Ama, ikide bir o TV senin, bu TV benim, erkanlarda boy göstererek, üstelik tek başına, karşıda ona karşı ters tezi savunacak bir Genel Merkez yetkilisi yok iken, serbest atışta bulunmak, eski bir Genel Başkan olarak, Baykal’a hiç yakışmıyor.

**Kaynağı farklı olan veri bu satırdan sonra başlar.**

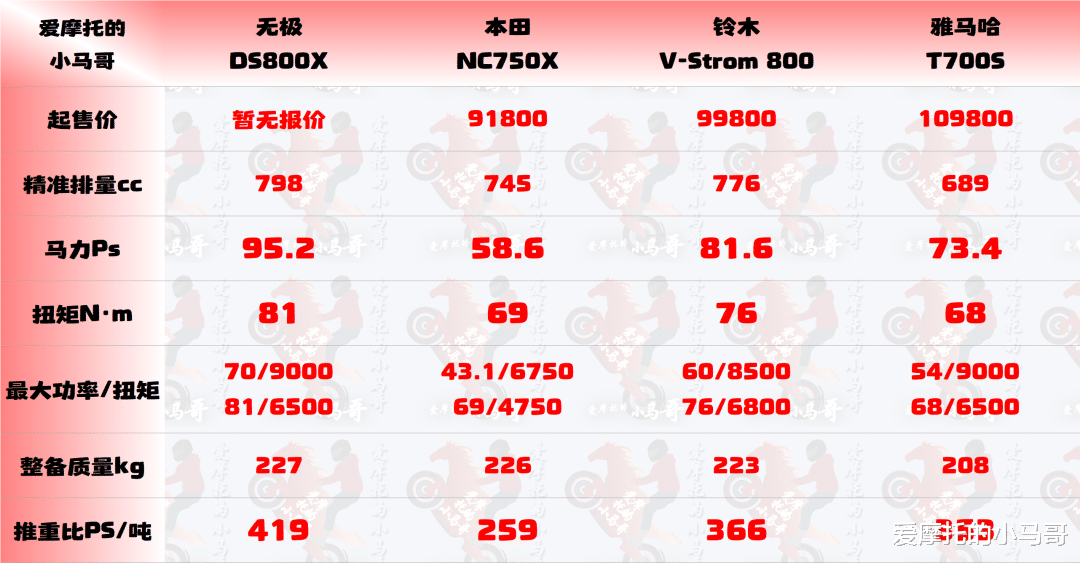 作为预热已久的车型,它的核心数据早就被扒透了,动力直接封神!搭载隆鑫自研全新798cc直列双缸发动机,妥妥的扭矩怪兽:最大马力95.2匹,峰值扭矩81N·m,比雅马哈T700S多21.8匹马力、高13N·m扭矩,纯纯降维打击!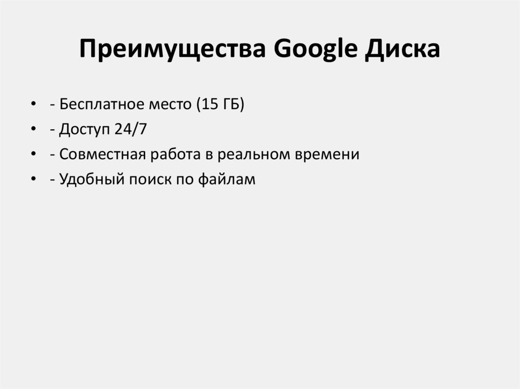 Преимущества Google Диска- Бесплатное место (15 ГБ)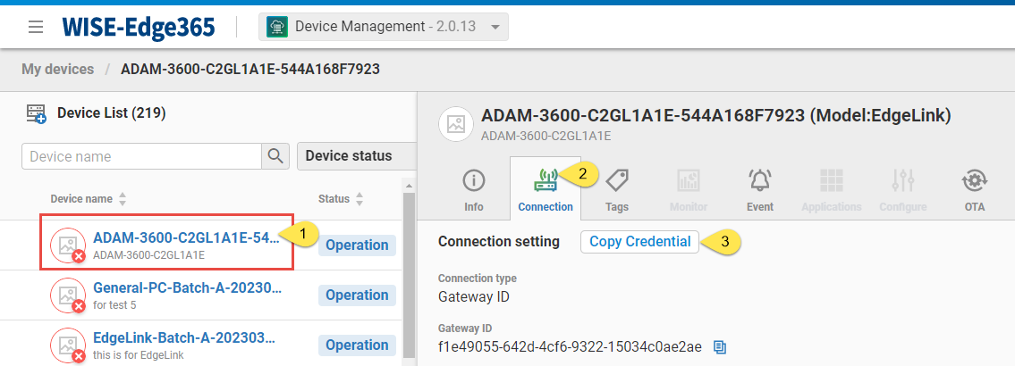 1. Click on the newly added device, and the device information will appear on the right side. Copy the "Credential" to the clipboard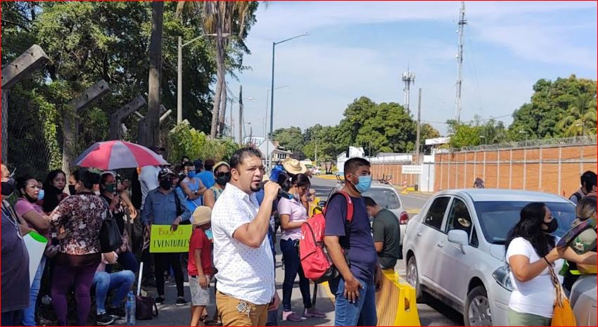 *Se plantan con mantas y pancartas en el acceso al malecón al paso del Presidente de México que visita el puerto Michoacano.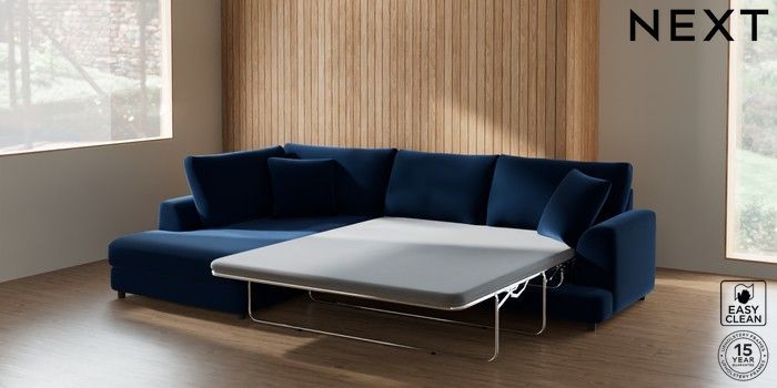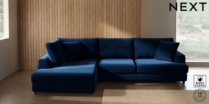 7.2.10 Buy Parker Corner Chaise Bed - Left Hand Plush Velvet Easy Clean Navy Blue Glide from the Next UK online shop Click here to use our accessible website
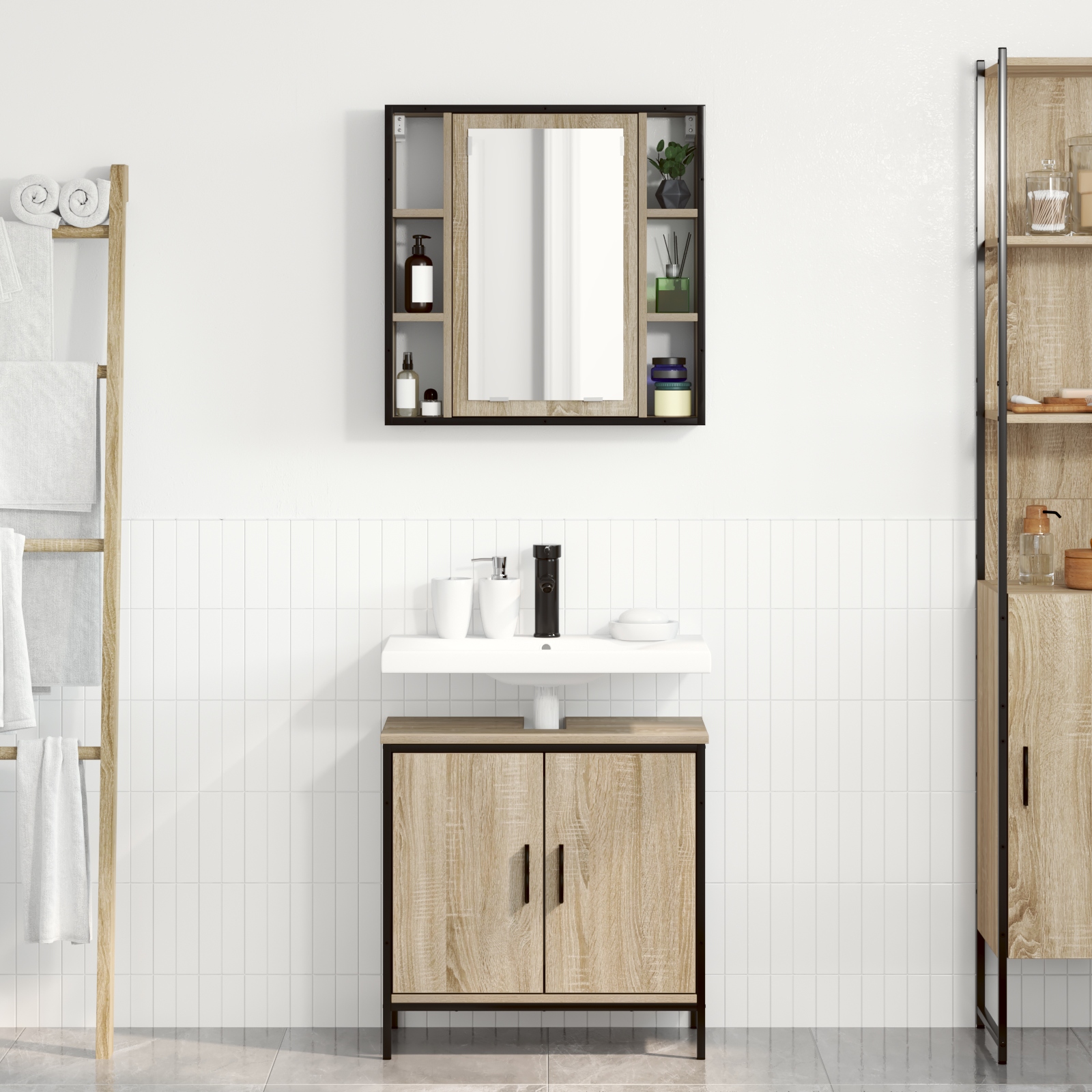 Dieses Badezimmermöbelset kombiniert Praktikabilität mit Stil. Der Waschtisch und der wandmontierte Spiegel sind perfekt für Makeup und Pflege und verleihen deinem Badezimmer mit der schicken Sonoma-Eiche-Oberfläche und viel Stauraum einen modernen Flair. Viel Stauraum: Die Einheit bietet zahlreiche Fächer für deine Badezimmerutensilien, perfekt für beschäftigte Haushalte. Stylisches Design: Mit einer modernen Ästhetik passt dieses Möbelset wunderbar zu verschiedenen Dekorationsstilen. Das Sonoma-Eiche-Finish schafft eine warme Atmosphäre und macht dein Badezimmer schick. Robustes Material: Hergestellt aus Holzwerkstoff und Metall, ist dieses Set stabil und für die Ewigkeit gemacht. Die glatte Haptik und die matte Oberfläche verbessern das Gesamtbild. Wandspiegel: Der Spiegel setzt einen modernen Akzent und hilft dir, Platz zu sparen – perfekt für kleinere Badezimmer. So bleibt alles ordentlich, während du dich problemlos pflegen kannst. Einfache Montage: Schnell zusammengebaut, damit du dein Badezimmer ohne viel Aufwand einrichten kannst. Mit nur wenigen Werkzeugen kannst du dein neues Möbelstück im Handumdrehen genießen.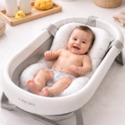 Lo que lo distingue es su diseño tipo colchón flotador, que combina acolchado, soporte y adaptabilidad en un solo producto. A diferencia de accesorios rígidos, ofrece una experiencia más suave y confortable para el bebé, con la ventaja de ajustarse a bañeras diversas. También es una opción práctica para quienes buscan una ayuda extra al momento del baño.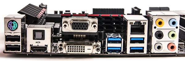 | Разъемы на задней панели | 1 × HDMI 1 × DVI-D 1 × VGA (D-Sub) 1 × S/PDIF (оптический, выход) 4 × USB 3.0 2 × USB 2.0 1 × RJ-45 6 × аудиоразъемов типа миниджек 1 × PS/2 |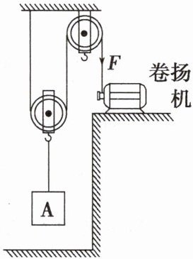 7. 用如图所示的装置提升重为$800N的物体A$,动滑轮重为$200N$。在卷扬机对绳子的拉力$F$作用下,物体$A在10s内竖直匀速上升了2m$。在此过程中,不计绳重和摩擦,下列说法正确的是()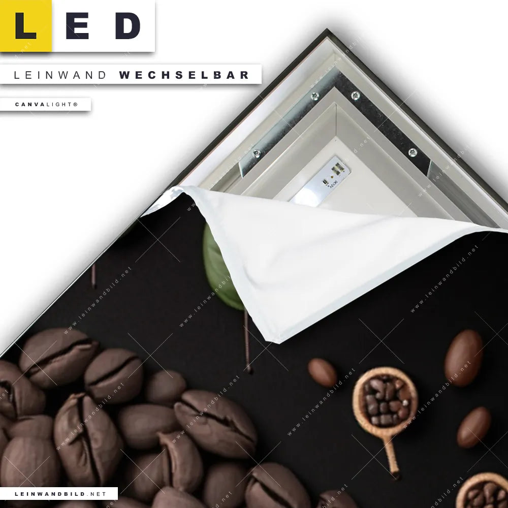 Du konfigurierst Dein individuelles LED Leinwandbild Canvalight® TEX | Kaffee mit Blattdekoration | Panorama und wir produzieren es NEU für Dich. Unsere Essen - Trinken LED Bilder mit wechselbarer Textil-Leinwand sind KEINE Lagerware. Du bist Dir unsicher, welches Motiv oder Format das richtige für dein individuelles Canvalight® Leuchtbild ist, dann helfen wir dir gerne weiter und beraten dich!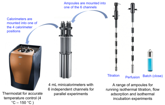 Experiment types: isothermal titration (liquid to liquid or liquid to solid suspension), perfusion (gas or liquid flow through solids), batch experiment (isothermal or temperature scanning);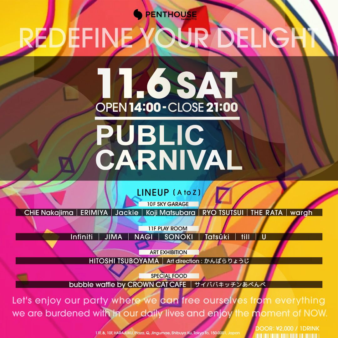 今年7月にオリンピックの開幕と同時に初開催され、ドラマチックな幕開けを飾った”PUBLIC CARNIVAL”が11/6、第2回目の開催を迎えます。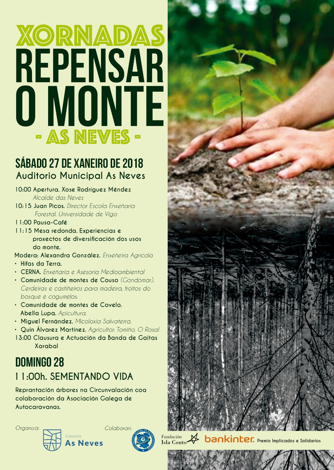 Distintas alternativas de usos produtivos para o monte serán presentadas no Auditorio das Neves o vindeiro sábado 27 de Xaneiro. O Concello organiza estas xornadas como unha nova iniciativa para para dar resposta aos danos causados polo lume do pasado 15 de outubro. Baixo o lema Repensar o Monte, distintos expertos expoñerán as súas experiencias en apicultura, micoloxía, froitos do bosque, cerdeiras e castiñeiros para madeira, entre outras. O evento abrirase ás 10 da mañá coa intervención do Alcalde das Neves, Xosé Rodríguez, e unha conferencia de Juan Picos, director da Escola de Enxeñaría Forestal da Universidade de Vigo.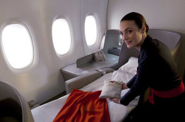 Air France propose sur certains de ses vols effectués en B777-300 au départ et à destination de Paris CDG, Singapour et Jakarta, sa nouvelle cabine « La Première » composée de 4 suites privatives. Cet espace préserve votre intimité avec un confort maximum grâce à son fauteuil large de 77 cm, se positionnant à votre gré en un lit long de plus de 2 mètres équipé d’un matelas futon, d’un oreiller et d’une couette Sofitel My Bed aux dimensions généreuses. Le programme à la demande met à votre disposition jeux, émissions, documentaires, musique et longs-métrages en haute définition sur un écran de 24 pouces.

Kendisi Genel Başkan olsa ve partisinin önemli bir ismi TV’lerde kendisini böyle eleştirse, acaba ne yapardı? Onu partiden ihraç mı ederdi? Hiç bir parti etkinliğine katılmasına izin mi vermezdi? Onu istifaya mı zorlardı?
Kaldı ki;
Eylül 1992-Şubat 1995, Eylül 1995-Nisan 1999, Eylül 2000-Mayıs 2010 tarihleri arasında, toplam on altı yıla yakın CHP Genel Başkanlık koltuğunda oturuyor. Hiç iktidar yüzü görüyor mu? Hayır. Sadece 92-95 arasında bir ara, koalisyon ortağı.
Onu geçiyorum, daha vahimi var.
Bırakın tek başına iktidar olmayı, koalisyon ortağı olmayı, 1999 seçimlerinde CHP gibi Cumhuriyeti kurmakla, ülkeye demokrasiyi getirmekle haklı olarak övünen, siyasal hayatımızın temel direklerinden biri olan partiyi baraj altında bırakıyor, koskoca CHP Meclis dışında kalıyor.
Toplumun önemli çoğunluğu CHP’den beklediğini bulmuyor olabilir ama, bunu TV’lerde serbest atışa çevirmek, on altı yıl Genel Başkanlık koltuğunda oturmuş ve hiç iktidar olamamış Deniz Baykal’ın işi değil. Elbette kendi bilir. Bilmesi gereken başka bir gerçek, partisini yıprattığı öyle açık ki, yandaş kanallar sabah, akşam onun TV’de CHP’ye yönelik eleştirilerini yayınlıyor. Bu yayınlar bile, Baykal’ın yanlışlığını sergilemeye yetiyor.
Hayati önem taşıyan asıl gerçek başka. Bahçeli ile birlikte Baykal da Erdoğan’ın ekmeğine yağ sürüyor.